Chases after market leader Jardiance

AZ

AstraZeneca has already revealed that the DAPA-HF trial of AstraZeneca’s diabetes therapy Farxiga in heart failure with reduced ejection fraction (HFrEF) was a win, but now we know by how much.

Lead investigator John McMurray of the University of Glasgow presented the results at the European Society of Cardiology (ESC) congress in Paris over the weekend to an enthusiastic audience.

He said that Farxiga (dapagliflozin) reduced the composite of cardiovascular (CV) death or worsening of heart failure by 26% (p<0.0001) – with the benefit seen in both diabetic and non-diabetic patients – when added to standard therapy.

The headline result was unveiled last month, but until now cardiologists were unable to gauge the scale of the improvement with the SGLT2 inhibitor, which seemed to have a positive impact across all 14 prespecified subgroups in the trial.
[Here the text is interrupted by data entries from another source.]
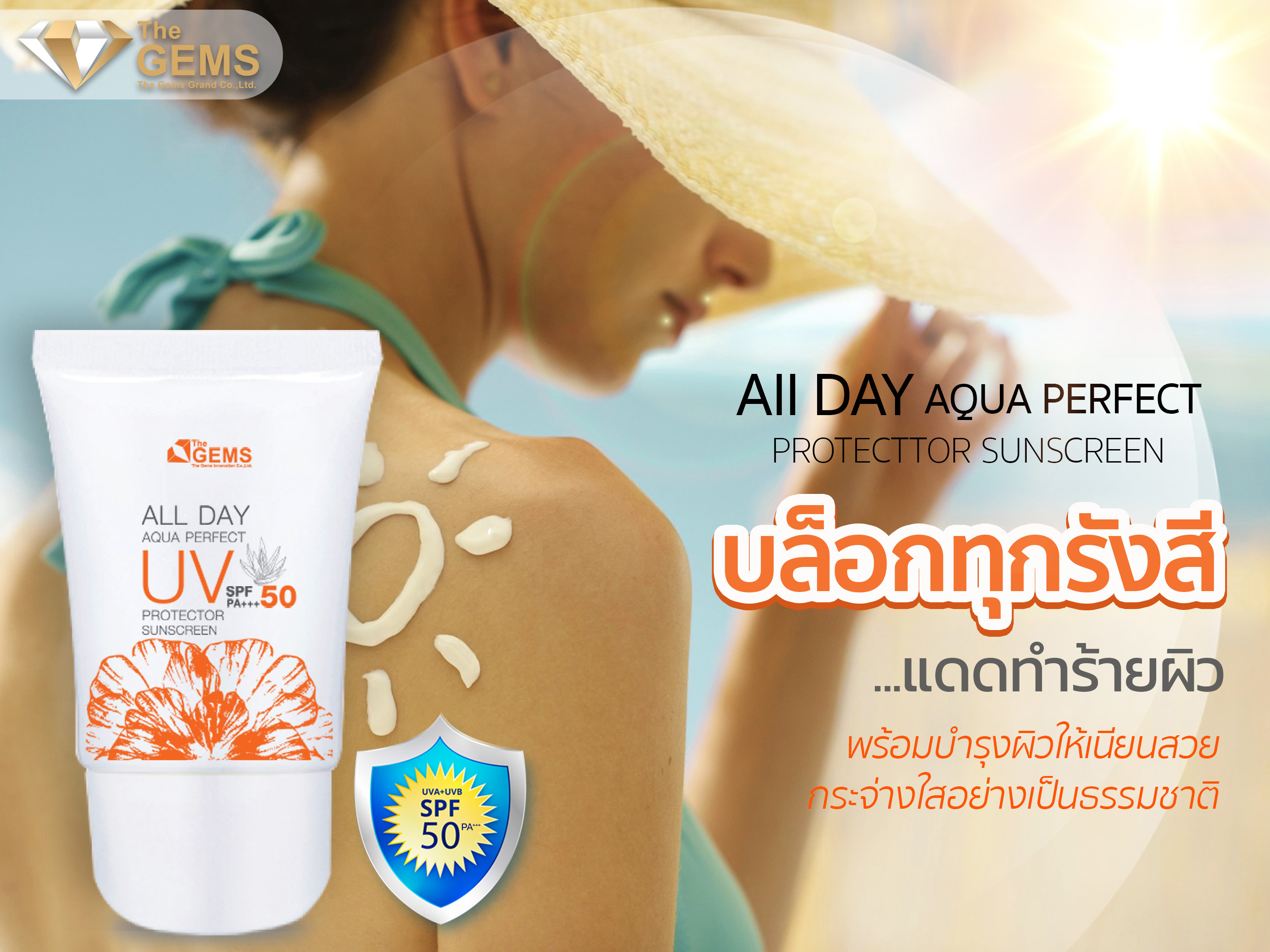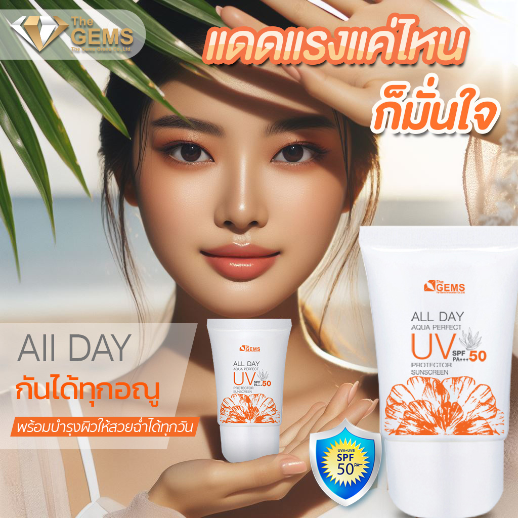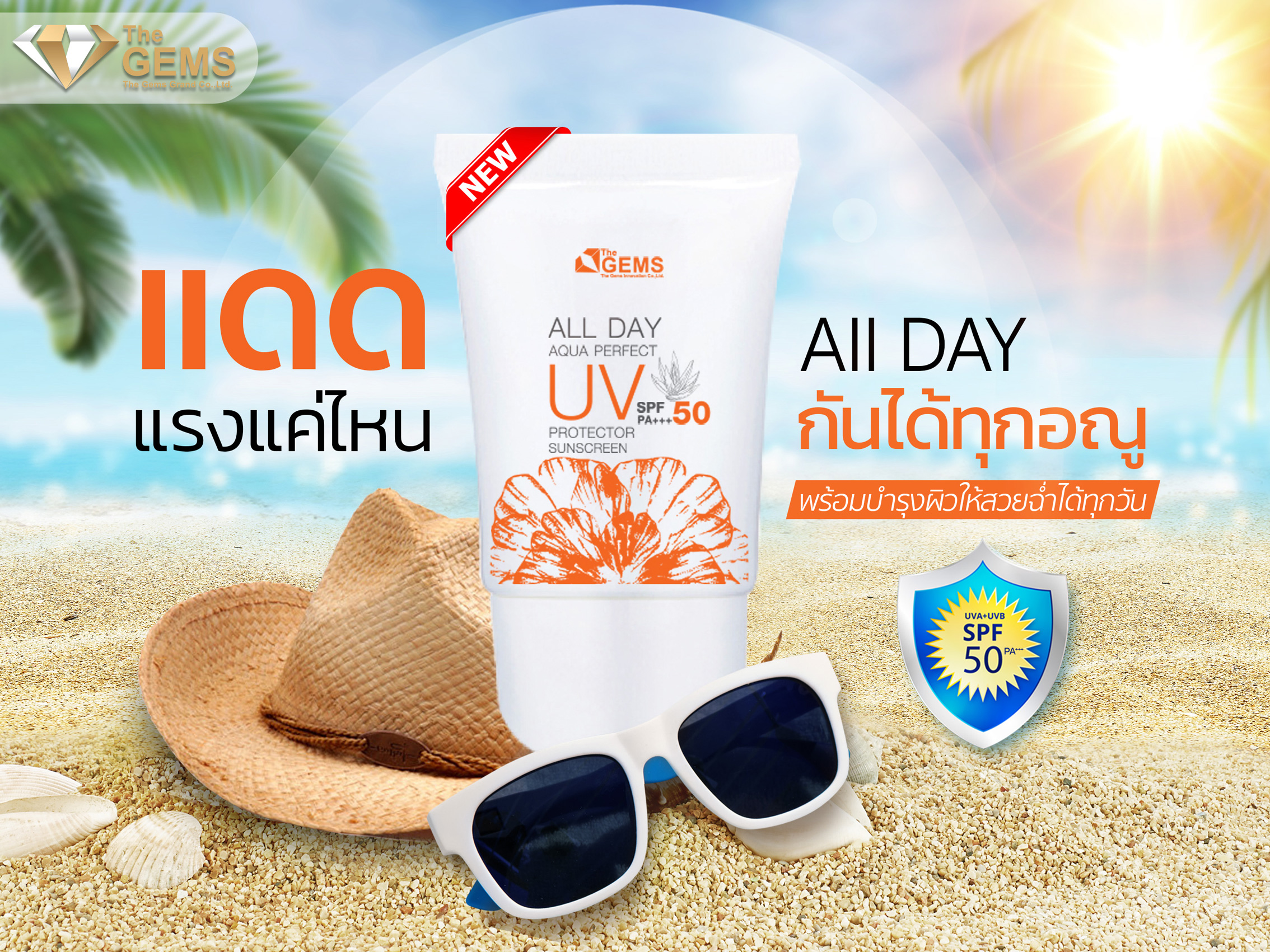 All Day ผลิตภัณฑ์กันแดดเนื้อน้ำนม ช่วยปกป้องผิวจากรังสี UV ที่มาจากแสงแดด ทั้งรังสี UVA และB ให้เนื้อสัมผัสที่บางเบา ไม่เหนียวเหนอะหนะ แถมเกลี่ยง่าย ซึมไวกลืนไปกับผิว และระหว่างวัน ไม่มันเยิ้ม เมื่อต้องเผชิญหน้ากับแสงแดด มลภาวะ ฝุ่นควัน และแสงสีฟ้าจากจอคอมพิวเตอร์ มือถือต่างๆ ที่พร้อมจะทำร้ายผิวหน้าของเราตลอดเวลา
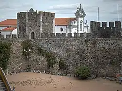 Its castle, built by King Dom Diniz, is believed to be the best example of medieval architecture still extant in Portugal. It is a square, massive structure 36.5 m (120 feet) high, from the top of which the whole of the Alentejo country and the Cintra mountains may be seen. The walls of the castle are covered with hieroglyphics.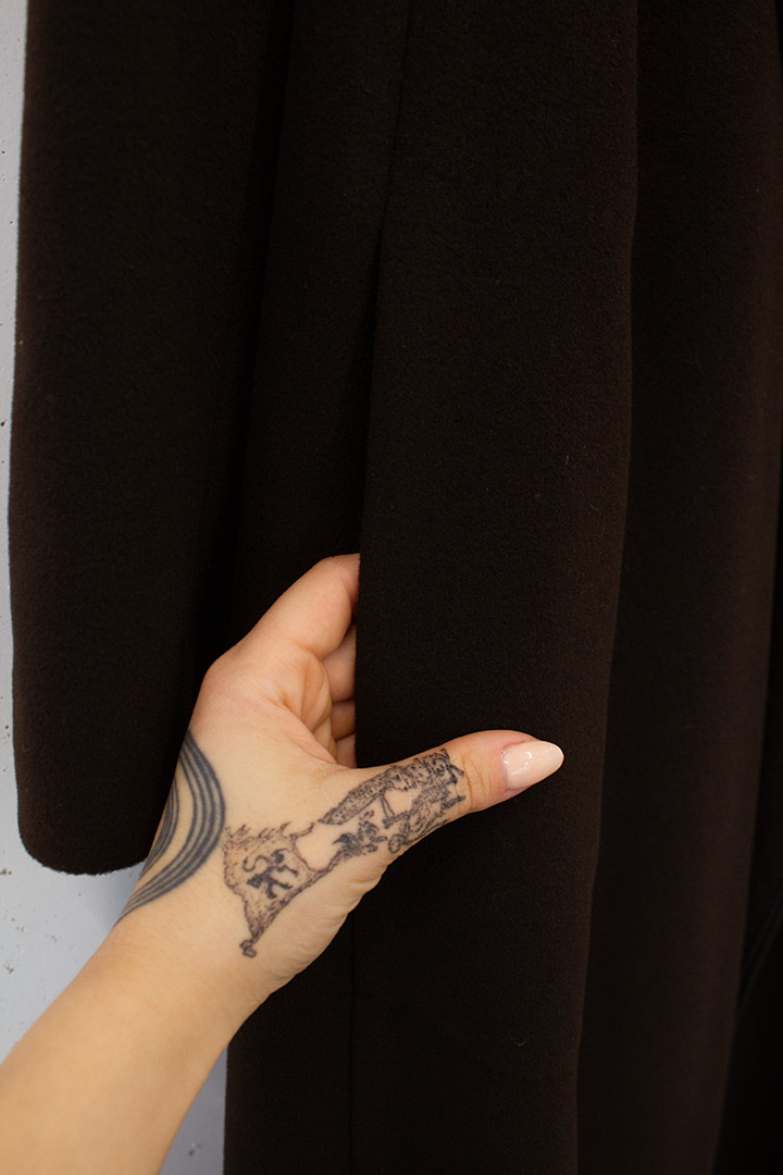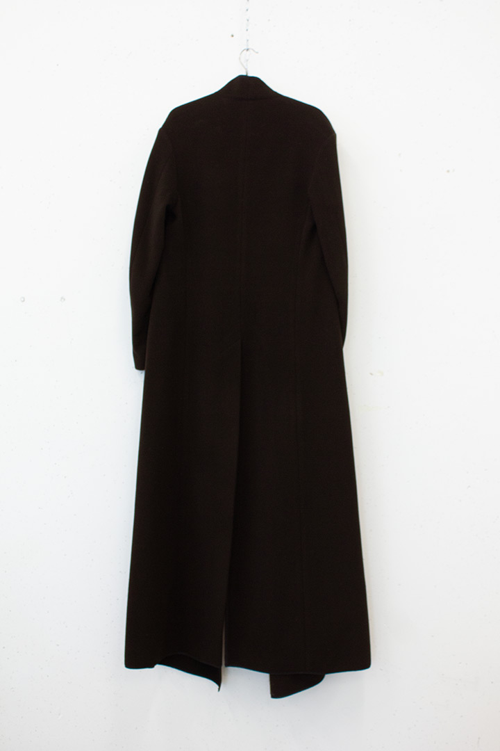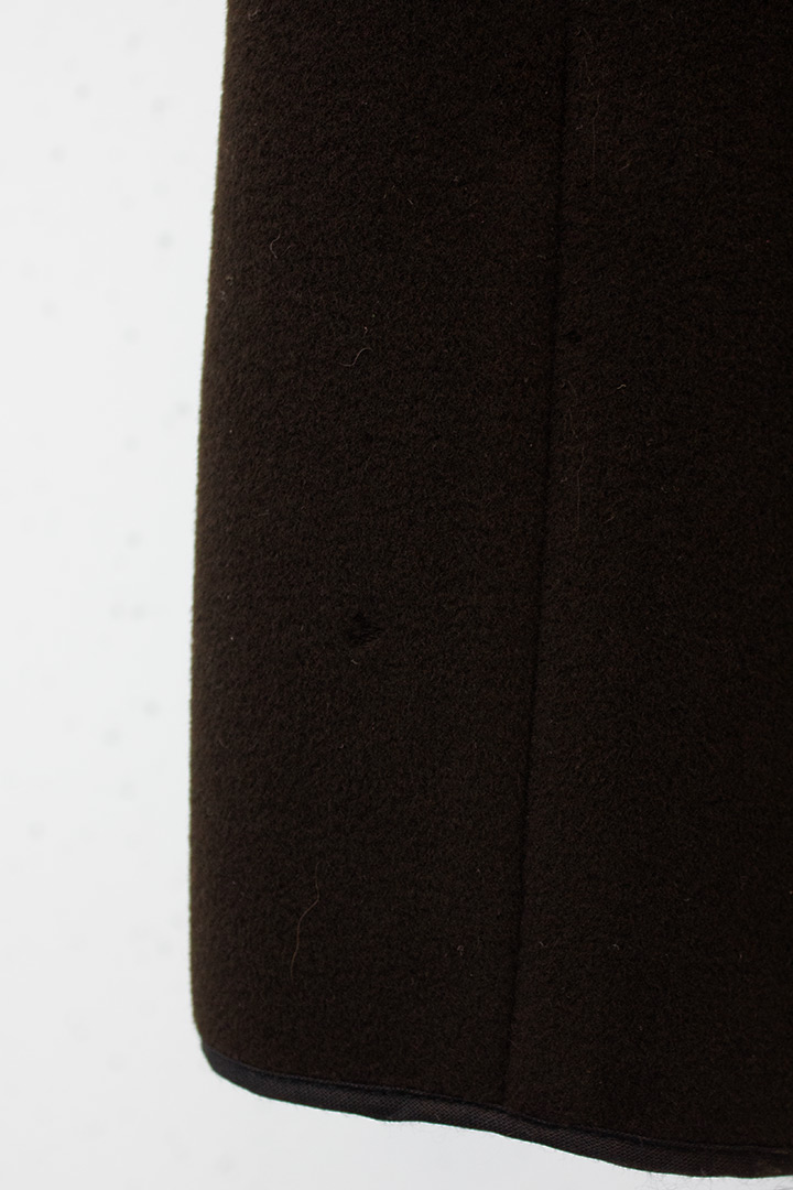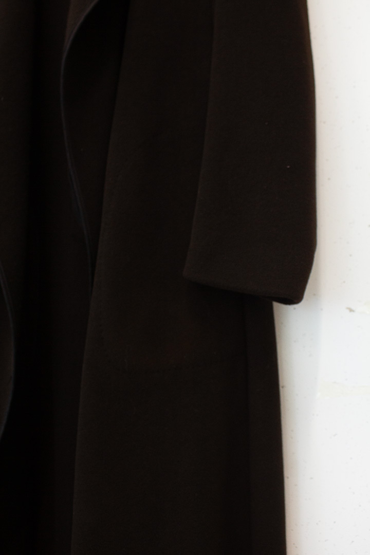 Deze prachtige lange wollen openvallende jas is afkomstig uit het modehuis van toonaangevend Belgisch modeontwerper Dries van Noten. Het is gemaakt van een mix van angora, lamswol en cashmere. De jas heeft geen sluiting, maar is toch dicht te dragen met behulp van het dunne leren riempje. Het model is iets uitlopend wat zorgt voor extra draagcomfort, evenals de hoge achtersplit. De jas heeft aan weerszijden grote zakken in de zijnaad die zijn bevestigd door te punchen en daarna minuscuul door te stikken. De naden zijn vakkundig afgewerkt door een zwarte katoenen biaisband. De mouwen zijn gevoerd met een glanzend bruine polyester voering.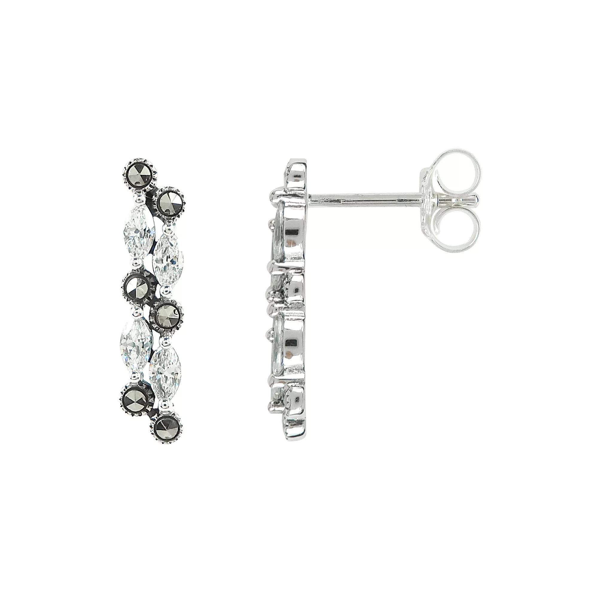 You'll love the beautiful and elegant style of these Lavish by TJM Sterling Silver Cubic Zirconia & Marcasite Waterfall Stud Earrings. Click on this JEWELRY & WATCHES GUIDE to learn about fit, styles, materials and more! You'll love the beautiful and elegant style of these Lavish by TJM Sterling Silver Cubic Zirconia & Marcasite Waterfall Stud Earrings. Click on this JEWELRY & WATCHES GUIDE to learn about fit, styles, materials and more! FEATURES Dimensions: 7.62 mm x 11.68 mm Backings: post Metal: sterling silver Plating: silver tone Finish: oxidized Packaging: boxed Nickel free ImportedSTONE DETAILS Stone type: cubic zirconia, marcasite Shape: marquise Setting: prong Size: One Size. Gender: female. Age Group: adult.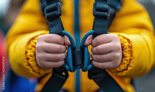 A young child tightly grips the safety harness before their climbing adventure, wearing a yellow jacket.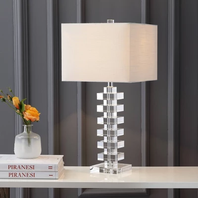 Modern yet timeless, the geometric crystal cubes on the base of this 28″ high table lamp will bring a touch of glam and extra light to any dim corner. At nearly 30″ tall, you can make a statement by adding a pair on either side of a console or buffet, or use a single lamp to give your desk the designer touch with this updated take on a classic style. Crafted of crystal, it’s finished with a bright white drum shade and coordinating finial.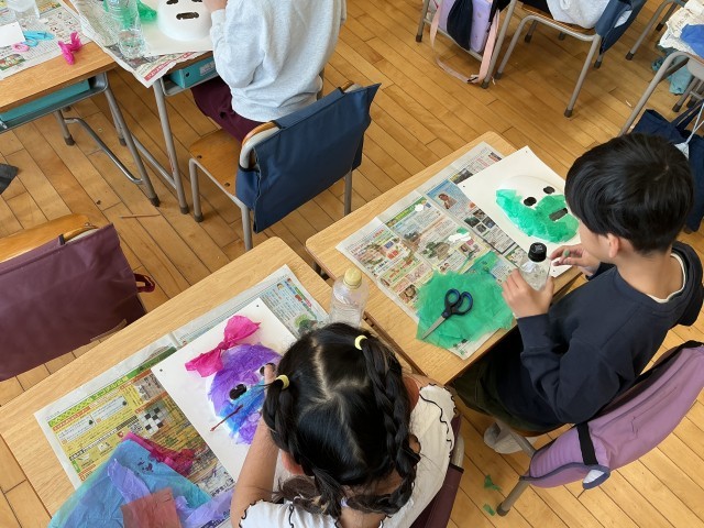 図工では、お面作りを行いました。作品に個性が表れていました。お面に耳をつけたり口を大きくしたりして形を工夫したり、花紙で配色を考えたりました。夢中になって取り組んでいました。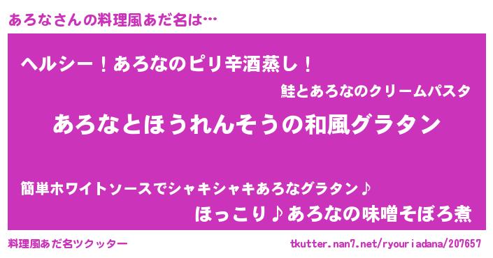 | 意味不明あだ名 | 『なめこ科あろな属』『自称あろな』 |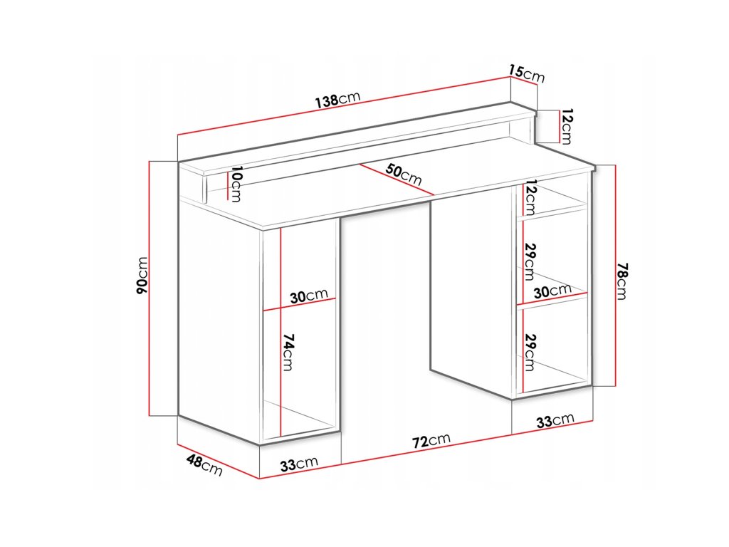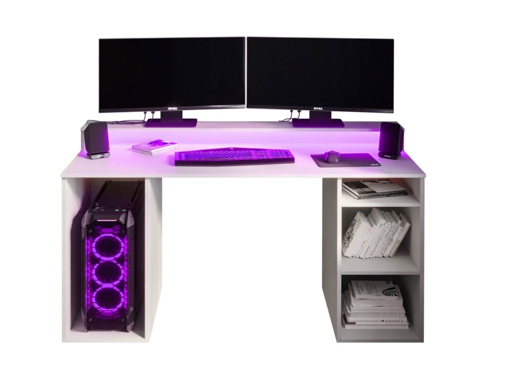 Fehér színű praktikus GAMER 1 asztal, amelynek része egy polc is, amelyen kényelmesen elfér egy vagy akár két monitor is. Tökéletes választást jelent minden gyerekszobába, ifjúsági szobába, esetleg dolgozószobába vagy irodába. Jó választás gyerekeknek, akik szeretnek számítógépes játékokat játszani, vagy olyan dolgozóknak, akik otthonról dolgoznak. A számítógépes íróasztal minőségi 16 mm vastag laminált bútorlapból készült, a szélei pedig felületkezelésen mentek át. Ellenállóak a sérülésekkel szemben a 0,5 mm PVC élzárásnak köszönhetően. Az íróasztal része egy nyitott szekrény a számítógépháznak, a másik oldalon pedig három nyitott polc található az iratoknak, könyveknek.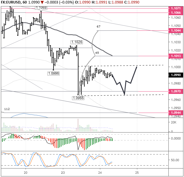 Если продавцы и не обновят минимум, то, по крайней мере, могут вернуть курс к 1,0966 за счет снижения кроссов с евро. По прогнозу мы рассмотрели падение до 1,0970. Даже при коррекции до 1,0975 будут выполнены условия для коррекции.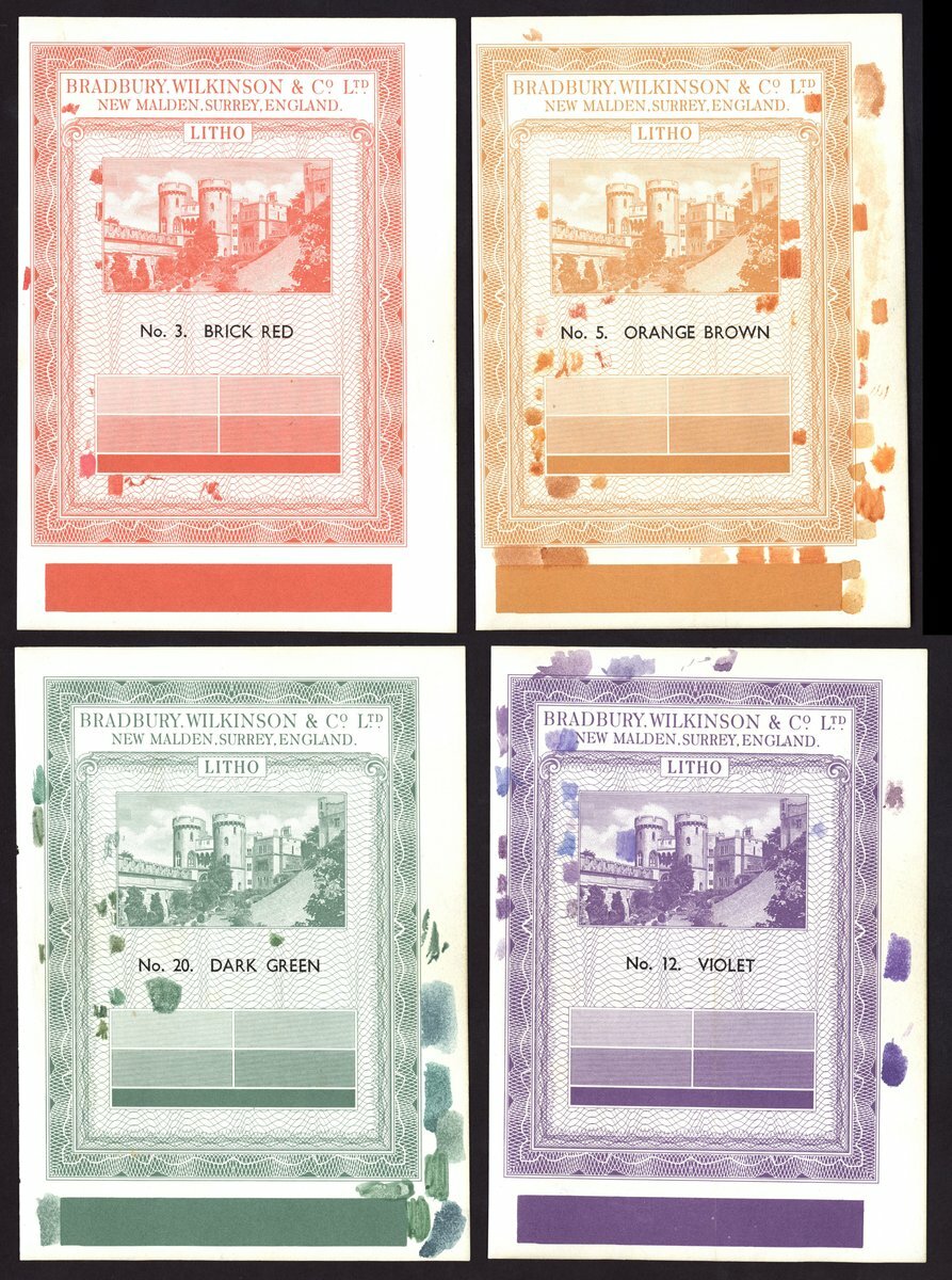 Bradbury Wilkinson & Co. four colour standards, ND (1950s), in brick red, orange brown, violet and dark green, with the standard design featuring Windsor Castle,

Farxiga also reduced the risk for all-cause death by 17%.

Farxiga is the first drug in the class to complete a cardiovascular outcomes trial in HFrEF, and could open up an entirely new treatment category for these patients – and a whole new revenue stream for AZ as it chases after SGLT2 market leader Jardiance (empagliflozin) from Eli Lilly and Boehringer Ingelheim.

McMurray said that Farxiga “did all the things we would like any drug to do in heart failure, which are to improve symptoms, reduce hospital admissions and increase survival”.

Meanwhile, the discussant for DAPA-HF at the ESC – Marco Metra of the University of Brescia in Italy – described it as a “landmark trial” that could usher in “a new era in heart failure medical treatment”.

Farxiga is already growing quickly for AZ on the back of data showing it can reduce cardiovascular and kidney complicationsin diabetics, but DAPA-HF could extend its use into the non-diabetic population and make it an option for the millions of patients worldwide with heart failure.

However, HFrEF only accounts for around half of all cases and cardiologists are hoping that Farxiga might also show activity in heart failure with preserved ejection fraction (HFpEF), a hard-to-treat form of the disease that currently has no approved drug therapies.

Farxiga is currently being studied in HFpEF in the DELIVER trial as well as the DETERMINE study, which is enrolling both HFrEF and HFpEF patients. Those trials are due to read out next year.

Boehringer and Lilly aren’t resting on their laurels however, and recently won a fast-track review from the FDA for Jardiance in both HFrEF and heart failure with preserved ejection fraction (HFpEF) based on two trials - EMPEROR-Reduced and EMPEROR-Preserved – that are also due to read out next year.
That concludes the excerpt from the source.